◆ **GIVEN INFORMATION**
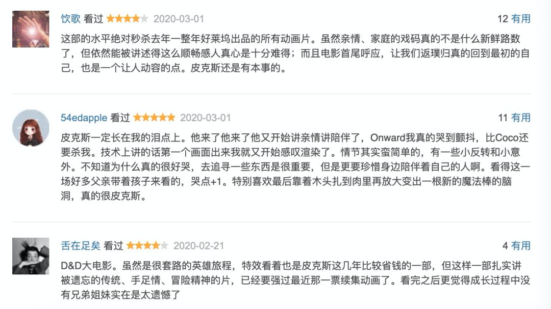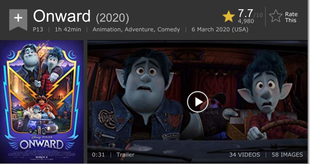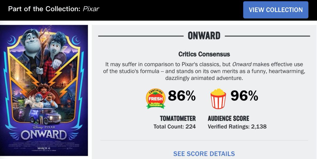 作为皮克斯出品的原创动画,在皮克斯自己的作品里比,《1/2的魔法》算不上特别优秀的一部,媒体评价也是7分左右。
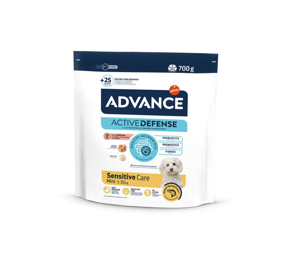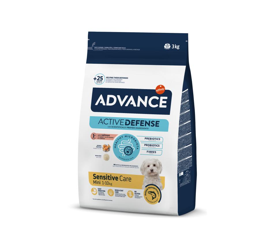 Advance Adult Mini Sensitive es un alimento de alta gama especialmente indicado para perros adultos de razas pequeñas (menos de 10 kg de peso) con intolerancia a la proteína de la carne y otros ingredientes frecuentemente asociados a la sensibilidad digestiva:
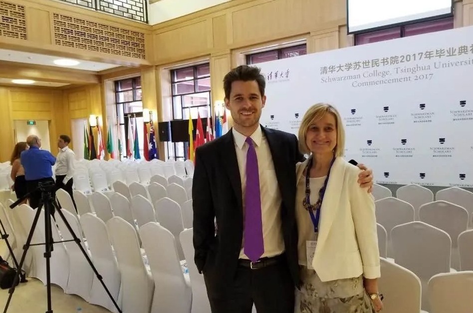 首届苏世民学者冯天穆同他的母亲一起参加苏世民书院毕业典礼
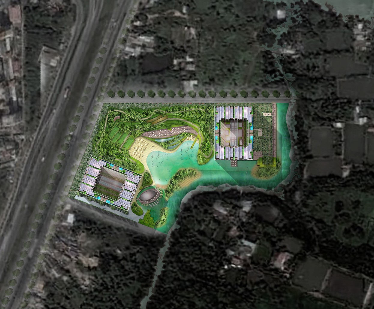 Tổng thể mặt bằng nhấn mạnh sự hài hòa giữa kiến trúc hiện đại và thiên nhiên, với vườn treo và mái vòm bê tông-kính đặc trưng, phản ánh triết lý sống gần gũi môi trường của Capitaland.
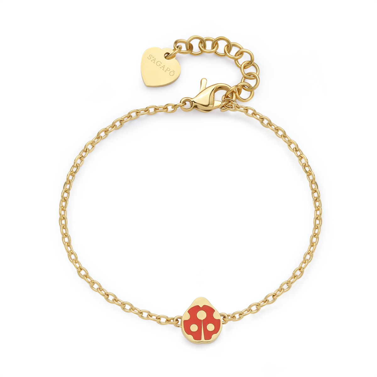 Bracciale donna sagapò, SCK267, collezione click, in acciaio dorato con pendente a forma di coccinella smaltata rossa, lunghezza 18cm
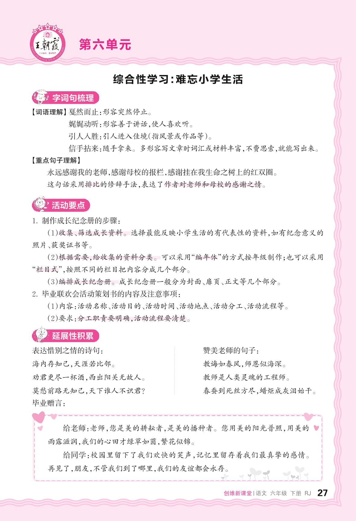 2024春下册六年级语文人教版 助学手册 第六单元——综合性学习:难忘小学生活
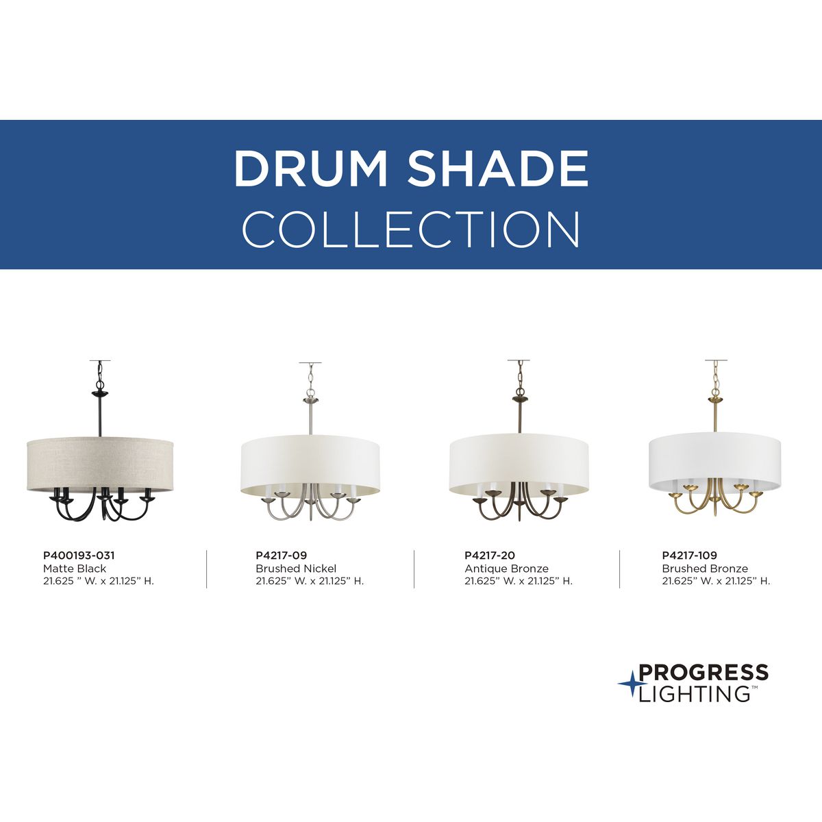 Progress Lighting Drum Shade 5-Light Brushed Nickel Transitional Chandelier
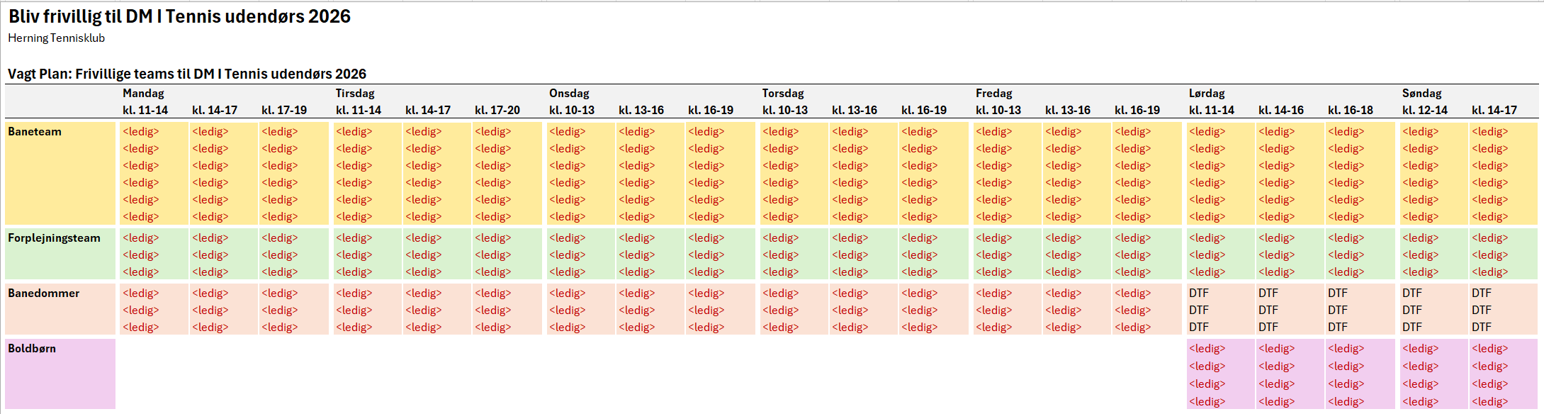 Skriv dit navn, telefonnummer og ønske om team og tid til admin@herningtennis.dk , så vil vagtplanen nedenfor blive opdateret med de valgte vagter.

◆ **TASK GOAL**
Take the line containing "Progress Lighting Drum" as the first line and the last line of the data above as the final one, and output exactly the lines between them, inclusive, with no pictures.

◆ **ANSWER FOR THE TASK**
 Progress Lighting Drum Shade 5-Light Brushed Nickel Transitional Chandelier
 Skriv dit navn, telefonnummer og ønske om team og tid til admin@herningtennis.dk , så vil vagtplanen nedenfor blive opdateret med de valgte vagter.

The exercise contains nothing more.